Validate retrieved context before AI agents act.
Experimental pre-0.1 project. The core API is usable for examples and early review, but public API stability, package publishing, and integrations are still pending. Current package version:
0.0.1.
ContextSchema is a small Python library for checking whether retrieved context is fresh, provenance-backed, event-valid, source-appropriate, and complete enough for a specific decision before an agent acts.
It is also a design-time contract: it forces PMs and engineers to declare what context is enough, expected, stale, or unusable for a decision, instead of assuming the agent will always receive perfect context.

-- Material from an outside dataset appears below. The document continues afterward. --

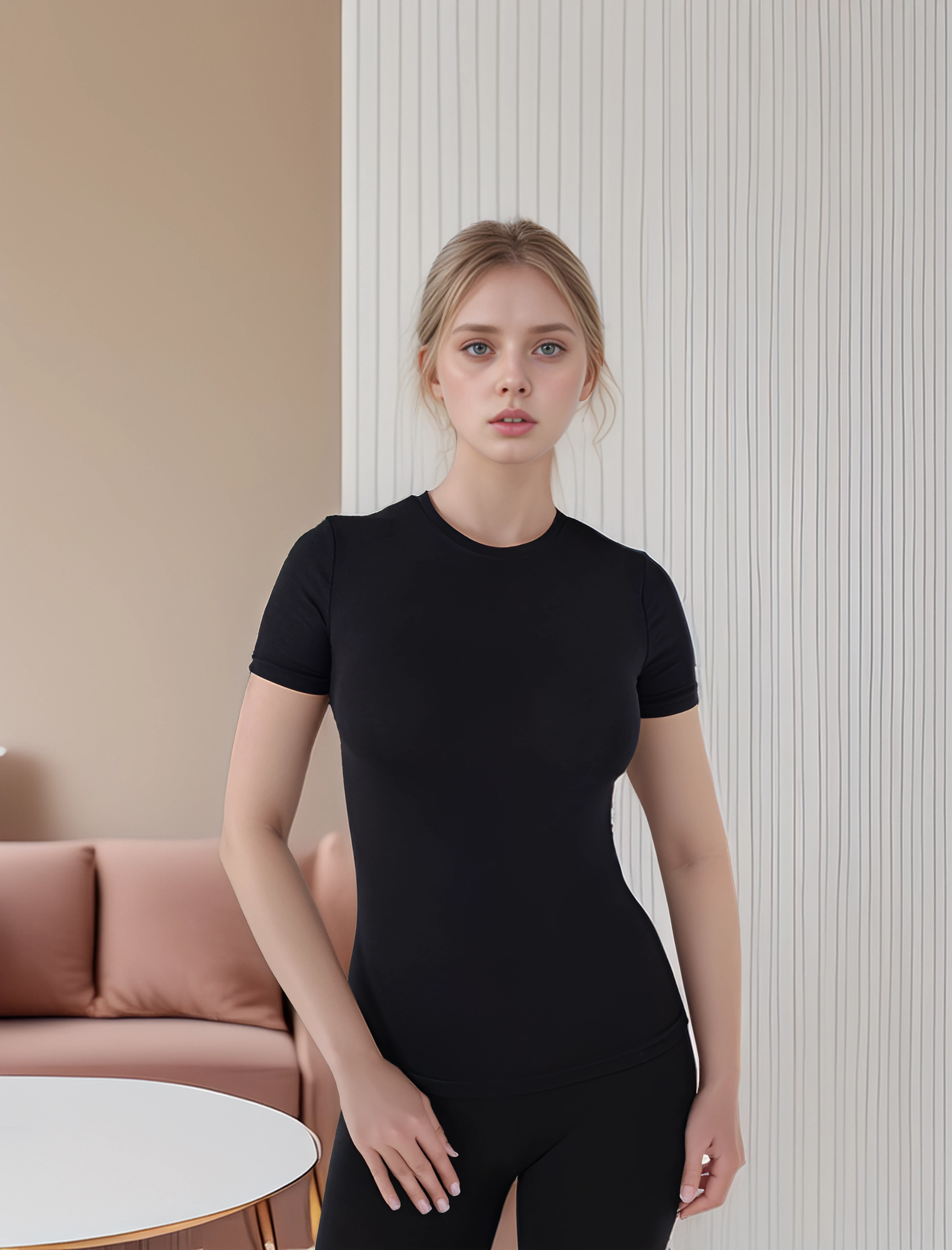Kadın Modal Bisiklet Yaka T-shırt C801-019

It sits after retrieval and before action:
retriever / memory / tool output -> ContextSchema -> proceed | soft_flag | retry_recommended | hard_gate
No runtime dependencies are required.
| Question | Short Answer |
|---|---|
| What problem does it solve? | Retrieved context can be stale, incomplete, weakly sourced, or invalidated before an agent acts. |
| What design habit does it enforce? | Declare the context sufficiency boundary before relying on agent recommendations. |
| Where does it run? | After retrieval/tool output, before action/tool execution. |
| What does it return? | Field confidence, schema confidence, reasons, evidence, and an action recommendation. |
| What does it depend on? | Nothing at runtime. It accepts plain Python objects. |
| Does it replace my agent framework? | No. It is a small validation layer you call from your existing workflow. |
flowchart LR
A[Retriever, memory, or tool output] --> B[RetrievedItem metadata]
B --> C[ContextSchema]
D[EventRecord invalidations] --> C
E[TTLs, sources, reliability] --> C
C --> F{ActionPolicy}
F --> G[proceed]
F --> H[soft_flag]
F --> I[retry_recommended]
F --> J[hard_gate]
- A deterministic post-retrieval validation layer.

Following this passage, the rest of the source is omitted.